Our paper Anatomy of High-Performance Many-Threaded Matrix Multiplication, presented at IPDPS'14, identified five loops around the microkernel as opportunities for parallelization within level-3 operations such as gemm
. Within BLIS, we have enabled parallelism for four of those loops, with the fifth planned for future work. This software architecture extends naturally to all level-3 operations except for trsm
, where its application is necessarily limited to three of the five loops due to inter-iteration dependencies.
IMPORTANT: Multithreading in BLIS is disabled by default. Furthermore, even when multithreading is enabled, BLIS will default to single-threaded execution at runtime. In order to both allow and invoke parallelism from within BLIS operations, you must both enable multithreading at configure-time and specify multithreading at runtime.
To summarize: In order to observe multithreaded parallelism within a BLIS operation, you must do both of the following:
- Enable multithreading at configure-time. This is discussed in the next section.
- Specify multithreading at runtime. This is also dicussed later on.
BLIS disables multithreading by default. In order to allow multithreaded parallelism from BLIS, you must first enable multithreading explicitly at configure-time.
As of this writing, BLIS optionally supports multithreading via either OpenMP or POSIX threads.
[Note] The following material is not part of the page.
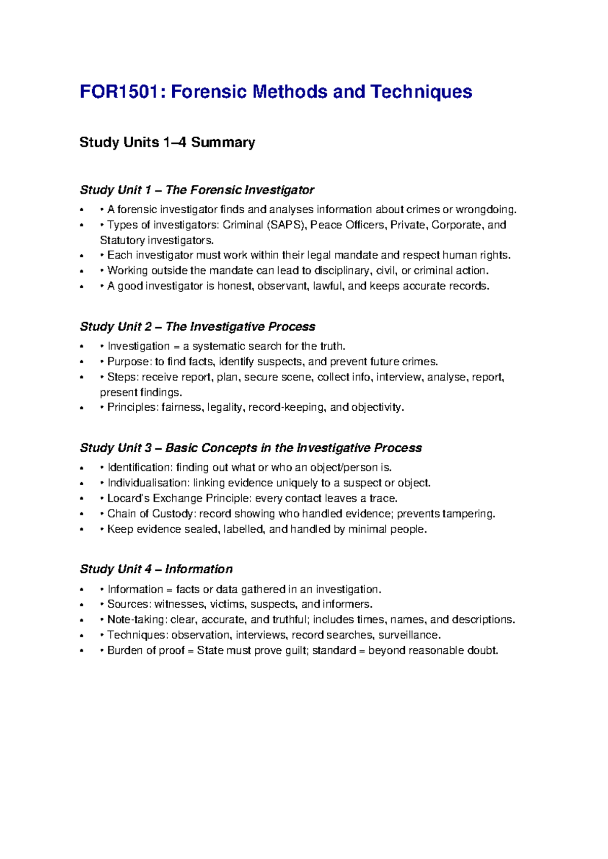 FOR1501: Forensic Methods & Techniques Study Notes Part 1 - Studocu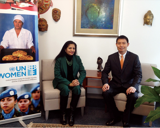 此外,,纽约时间3月5日上午,,联合国总部官员还在会前特邀方玉友先生,,,,共同探讨企业如何以创新思维帮助女性迎接职场挑战。。。妇女署执行副主任Lakshmi Puri女士热情地为方玉友先生介绍了诸多解决女性就业挑战的国际潮流思路。。。

To enable multithreading via OpenMP, you must provide the --enable-threading
option to the configure
script:
$ ./configure --enable-threading=openmp auto
In this example, we target the auto
configuration, which is like asking configure
to choose the most appropriate configuration based on some detection heuristic (e.g. cpuid
on x86_64). Similarly, to enable multithreading via POSIX threads (pthreads), specify the threading model as pthreads
instead of openmp
:
$ ./configure --enable-threading=pthreads auto
You can also use the shorthand option for --enable-threading
, which is -t
:
$ ./configure -t pthreads auto
For more complete and up-to-date information on the --enable-threading
option, simply run configure
with the --help
(or -h
) option:
$ ./configure --help
While we provide the ability to implement multithreading in BLIS in terms of either OpenMP or pthreads, we typically encourage users to opt for OpenMP:
$ ./configure -t openmp auto
The reason mostly comes down to the fact that most OpenMP implementations (most notably GNU) allow the user to conveniently bind threads to cores via an environment variable(s) set prior to running the application. This is important because when the operating system causes a thread to migrate from one core to another, the thread will typically leave behind the data it was using in the L1 and L2 caches. That data may not be present in the caches of the destination core. Once the thread resumes execution from the new core, it will experience a period of frequent cache misses as the data it was previously using is transmitted once again through the cache hierarchy. If migration happens frequently enough, it can pose a significant (and unnecessary) drag on performance.
Note that binding threads to cores is possible in pthreads, but it requires a runtime call to the operating system, such as sched_setaffinity()
, to convey the thread binding information, and BLIS does not yet implement this behavior for pthreads.
The solution to thread migration is setting processor affinity. In this context, affinity refers to the tendency for a thread to remain bound to a particular compute core. There are at least two ways to set affinity in OpenMP. The first way offers more control, but requires you to understand a bit about the processor topology and how core IDs are mapped to physical cores, while the second way is simpler but less powerful.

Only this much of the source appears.